Show HN: AA-Briefcase: a frontier knowledge work evaluation

A new evaluation benchmark, AA-Briefcase, measures frontier knowledge work performance, with models like Claude Opus 4.8 averaging 24 minutes per task and achieving an Elo of 1356, while MiniMax-M3 takes longer but scores lower. Turn count does not strongly correlate with performance, as Gemini 3.5 Flash uses many turns but ranks below leaders.
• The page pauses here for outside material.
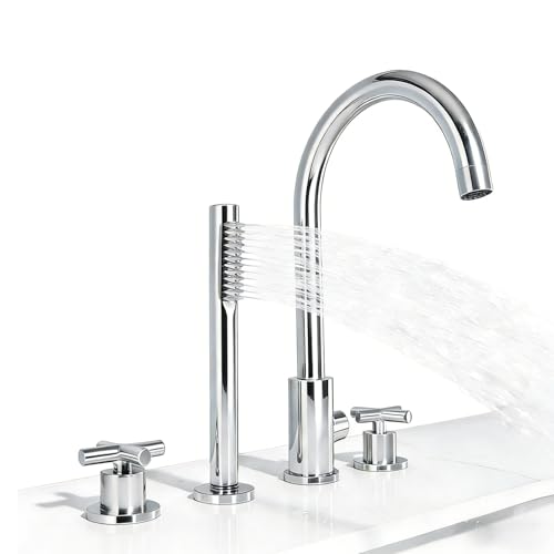 Hoimpro Tub Filler Freestanding Bathtub Faucet Matte Black Floor Mount Tub Faucet Waterfall Free Standing Bathtub Filler High Flow Brass Bath Shower Faucets with Handheld Sprayer

Frontier AA-Briefcase performance can take ~20 minutes per task. For example, Claude Opus 4.8 max averages ~24 minutes of wall-clock time per task, with GLM-5.2 max averaging ~19 minutes. Longer runtime is not consistently associated with better performance however: MiniMax-M3 averages ~26 minutes per task, more than Claude Opus 4.8 max , yet reaches an AA-Briefcase Elo of 1116, 240 points behind Opus. A key driver of average time per task is the number of turns a model takes before submission. Models are allowed up to 500 turns per task, and can submit their work at any point or abandon the task using the abandon task finish tool. More turns give models more time to work, but we do not observe a strong correlation between turn count and performance. Gemini 3.5 Flash, for example, averages one of the highest turn counts, at ~88 per task, while landing well below the Elo leaders.